3. **Dashboard Issues**
```bash
# Clear Streamlit cache
streamlit cache clear

# Run with debug logging
streamlit run src/visualization/dashboard.py --logger.level=debug
```

## 📈 Performance Optimization

### Database Optimization
- Table partitioning by timestamp
- Appropriate indexes for common queries
- Regular vacuum and analyze
- Connection pooling

### Query Optimization
```sql
-- Use partitioned tables
SELECT * FROM temperature_readings
WHERE timestamp >= NOW() - INTERVAL '1 hour';

-- Utilize indexes
CREATE INDEX idx_temp_timestamp
ON temperature_readings USING BRIN(timestamp);

-- Efficient aggregations
SELECT
date_trunc('hour', timestamp) as hour,
AVG(value) as avg_temp
FROM temperature_readings
GROUP BY 1
ORDER BY 1;
```

### Pipeline Optimization
- Batch processing for efficiency
- Configurable update intervals
- Memory-efficient data handling
- Error handling and retries

```## 📁 Project Structure

iot-smart-home-pipeline/
├── 📂 .github/ # GitHub Actions workflows
├── 📂 docker/ # Containerization
│ ├── kafka/
│ ├── flink/
│ └── grafana/
├── 📂 docs/ # Documentation
│ ├── architecture.png
│ └── api-specs/
├── 📂 src/ # Source code
│ ├── simulator/ # IoT sensor simulator
│ ├── processors/ # Flink jobs
│ └── connectors/ # Custom connectors
├── 📂 tests/ # Test suites
├── 📂 config/ # Configuration files
├── 📂 scripts/ # Utility scripts
└── 📂 monitoring/ # Monitoring setup
```

## 💻 Development

### Code Style
```bash
# Format code
black src/
isort src/

# Lint code
flake8 src/
mypy src/
```

### Testing Strategy
- Unit Tests: `pytest tests/unit/`
- Integration Tests: `pytest tests/integration/`
- Load Tests: `locust -f tests/load/locustfile.py`

### Local Development
```bash
# Start development environment
docker-compose -f docker-compose.dev.yml up -d

# Hot reload for development
./scripts/dev-reload.sh
```

## 🌐 Deployment

### Production Deployment
```bash
# Build production images
docker-compose -f docker-compose.prod.yml build

# Deploy stack
docker stack deploy -c docker-compose.prod.yml iot-pipeline
```

### Cloud Deployment
- AWS CloudFormation templates in `deploy/aws/`
- Azure ARM templates in `deploy/azure/`
- GCP Deployment Manager configs in `deploy/gcp/`

## 📊 Monitoring

### Grafana Dashboards

Available Dashboards

1. **System Overview**
- CPU, Memory, Disk usage
- Network I/O
- Container health

2. **Sensor Metrics**
- Temperature heatmaps
- Humidity trends
- Motion detection events

3. **Pipeline Performance**
- Processing latency
- Throughput metrics
- Error rates

### Alerting Rules

```yaml
alerts:
- name: high_temperature
condition: temp > 30°C
duration: 5m

- name: system_latency
condition: latency > 1s
duration: 2m
```

## 🛡️ Security

### Security Features
- TLS 1.3 encryption
- OAuth 2.0 authentication
- Role-based access control
- Audit logging

### Best Practices
1. Regular security updates
2. Secrets management
3. Network segmentation
4. Access control policies

## 🔧 Contributing

We welcome contributions!

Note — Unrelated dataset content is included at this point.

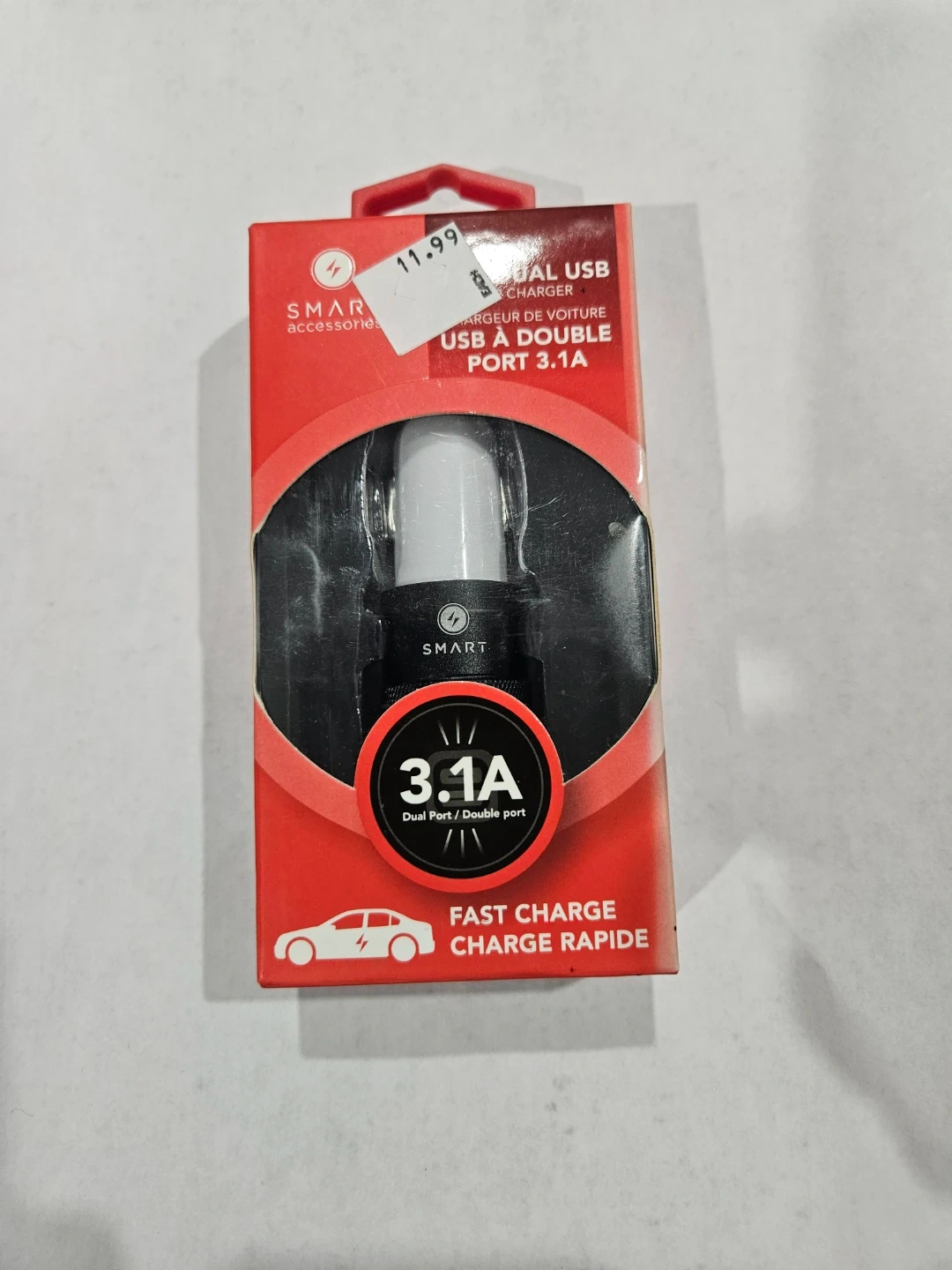 This is a SMART Accessories 3.1A dual USB car charger. It offers fast charging and includes a built-in LED indicator. Case material is PC/ABS high polish & aluminum alloy.

Please see our [Contributing Guide](CONTRIBUTING.md) for details.

### Development Process
1. Fork the repository
2. Create your feature branch
```bash
git checkout -b feature/amazing-feature
```
3. Commit your changes
```bash
git commit -m 'Add amazing feature'
```
4. Push to the branch
```bash
git push origin feature/amazing-feature
```
5. Open a Pull Request

## 📄 License

This project is licensed under the MIT License - see the [LICENSE](LICENSE) file for details.